Apologies in advance if this seems a bit preachy. My intent is to encourage a constructive conversation about what can be done to help right the situation in a positive and realistic way...
|
|
|
Post by mannmade on Sept 6, 2016 20:51:12 GMT -5
Fyi...my doctor friend will prescribe afrezza off label. Also says mnkd cares is working great. Just writes prescription and hands off to mnkd cares. They do the rest...Samples, insurance, questions, and following up. saxcmann, really good to hear your story. As it backs up Spiro's account which is important to know as it confirms the consistency of their service and that Spiro was not a one off or that their service is uneven for patients. Al said it best... For me there are four issues that kept retention low as follows: 1. Spirometry 2. Ins 3. Poor understanding of titration and use 4. Doctor education and understanding of real world benefits It appears that 1 & 2 have now been dealt with in a meaningful way.
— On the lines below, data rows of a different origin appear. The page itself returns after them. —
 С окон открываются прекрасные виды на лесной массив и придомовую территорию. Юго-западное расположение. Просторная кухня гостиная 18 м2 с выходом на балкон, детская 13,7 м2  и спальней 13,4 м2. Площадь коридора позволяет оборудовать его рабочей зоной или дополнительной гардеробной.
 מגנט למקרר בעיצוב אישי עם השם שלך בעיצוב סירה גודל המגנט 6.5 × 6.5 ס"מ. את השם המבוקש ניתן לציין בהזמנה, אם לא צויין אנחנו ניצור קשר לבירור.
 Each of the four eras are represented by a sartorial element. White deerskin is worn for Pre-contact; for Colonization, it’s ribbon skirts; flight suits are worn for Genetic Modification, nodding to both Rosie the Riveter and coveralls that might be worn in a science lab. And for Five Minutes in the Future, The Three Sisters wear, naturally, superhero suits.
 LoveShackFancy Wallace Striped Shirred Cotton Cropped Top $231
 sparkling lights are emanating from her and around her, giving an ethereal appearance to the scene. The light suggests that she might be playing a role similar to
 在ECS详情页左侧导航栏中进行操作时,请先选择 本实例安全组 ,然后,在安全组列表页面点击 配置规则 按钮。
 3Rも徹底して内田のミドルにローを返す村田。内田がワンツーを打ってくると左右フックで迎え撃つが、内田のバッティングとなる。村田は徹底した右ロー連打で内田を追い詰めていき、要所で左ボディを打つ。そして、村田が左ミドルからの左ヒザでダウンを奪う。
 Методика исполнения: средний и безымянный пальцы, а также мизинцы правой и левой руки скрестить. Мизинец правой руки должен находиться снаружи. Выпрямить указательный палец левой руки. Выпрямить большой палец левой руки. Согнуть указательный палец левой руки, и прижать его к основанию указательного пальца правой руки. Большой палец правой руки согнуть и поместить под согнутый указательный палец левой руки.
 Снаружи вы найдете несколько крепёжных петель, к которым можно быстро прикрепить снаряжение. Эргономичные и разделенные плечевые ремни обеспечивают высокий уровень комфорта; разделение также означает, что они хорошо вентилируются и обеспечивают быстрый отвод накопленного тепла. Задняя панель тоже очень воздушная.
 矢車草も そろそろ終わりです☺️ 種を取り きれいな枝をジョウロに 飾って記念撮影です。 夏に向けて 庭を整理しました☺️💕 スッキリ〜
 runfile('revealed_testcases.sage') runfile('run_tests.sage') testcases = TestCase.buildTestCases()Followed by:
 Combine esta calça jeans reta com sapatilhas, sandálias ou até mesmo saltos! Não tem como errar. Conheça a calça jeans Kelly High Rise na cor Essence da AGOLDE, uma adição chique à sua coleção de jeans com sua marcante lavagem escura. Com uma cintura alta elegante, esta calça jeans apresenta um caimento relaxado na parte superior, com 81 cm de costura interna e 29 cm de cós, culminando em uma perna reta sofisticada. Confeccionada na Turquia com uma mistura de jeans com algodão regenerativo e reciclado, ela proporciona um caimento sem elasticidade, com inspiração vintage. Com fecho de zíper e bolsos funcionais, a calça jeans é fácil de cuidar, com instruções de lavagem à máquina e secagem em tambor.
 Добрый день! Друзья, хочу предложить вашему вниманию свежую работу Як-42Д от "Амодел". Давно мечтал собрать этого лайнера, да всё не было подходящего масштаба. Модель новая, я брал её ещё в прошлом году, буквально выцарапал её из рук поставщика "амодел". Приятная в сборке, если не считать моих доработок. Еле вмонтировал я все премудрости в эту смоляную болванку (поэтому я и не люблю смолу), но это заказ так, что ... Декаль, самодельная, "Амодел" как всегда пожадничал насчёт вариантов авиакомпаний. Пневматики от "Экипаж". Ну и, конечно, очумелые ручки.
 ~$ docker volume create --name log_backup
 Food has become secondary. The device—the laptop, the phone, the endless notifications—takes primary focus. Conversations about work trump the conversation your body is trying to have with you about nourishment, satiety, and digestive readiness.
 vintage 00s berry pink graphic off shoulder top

If we can now just get a handle on 3 & 4, (which I am confident Mnkd is doing but I just don't have clear evidence to that effect yet) then Mnkd would really be on their way to success... They seem to have a plan and seem to be executing it.
|
|
|
Post by mannmade on Sept 6, 2016 15:45:14 GMT -5
this is off topic; but. Wouldn't it be great if what we know could be condensed into a reader's digest presentation addressed to Endo's? The reps have got a presentation. I think it would be great if the patients had presentation information too. Most of us aren't scientists. It would be welcomed when a patient wants to make their case based in the language with answers which might address the physician's reluctance. Just a thought. If there were a doc like that I'd print it out and bring it with me to support the argument: why afrezza. For me it would start off with Metformin. ... sorry for the slight deviation of the topic. Might be good to include in a section on AFREZZAjustbreathe as a quick reference tool. Sort of an AFREZZA for dummies...
|
|
|
Post by mannmade on Sept 6, 2016 15:44:01 GMT -5
I will ask her for the names I know one is in NYC as she is in Princeton.
|
|
|
Post by mannmade on Sept 6, 2016 15:37:38 GMT -5
You may have a point, but we would need a forensic audit to know... As it could be what we call in the entertainment business " fuzzy math"... Many law suits by producers and talent who made deals for back end participation and did not receive it on major revenue films have been won in the entertainment business because of the "fuzzy math" based on marketing expenses and allocations that allowed no profits to be shown.
|
|
|
Post by mannmade on Sept 6, 2016 14:47:57 GMT -5
In answer to your question, from my personal experience, as I have had this occur while spending the last six months trying to help the mother of a 15 yr old athlete get a script for AFREZZA, most doctors actually don't even want new patients as they have very little time as it is if they are in an established practice. In addition they don't want to prescribe a script for a med they may or may not be familiar with to a patient that is someone who will be a one-off for whom they have no patient history. From a doctor's pov all they get out of it is the potential liability should something go wrong. Btw, just this last week she found two docs willing to prescribe a script for her son off the doctor finder.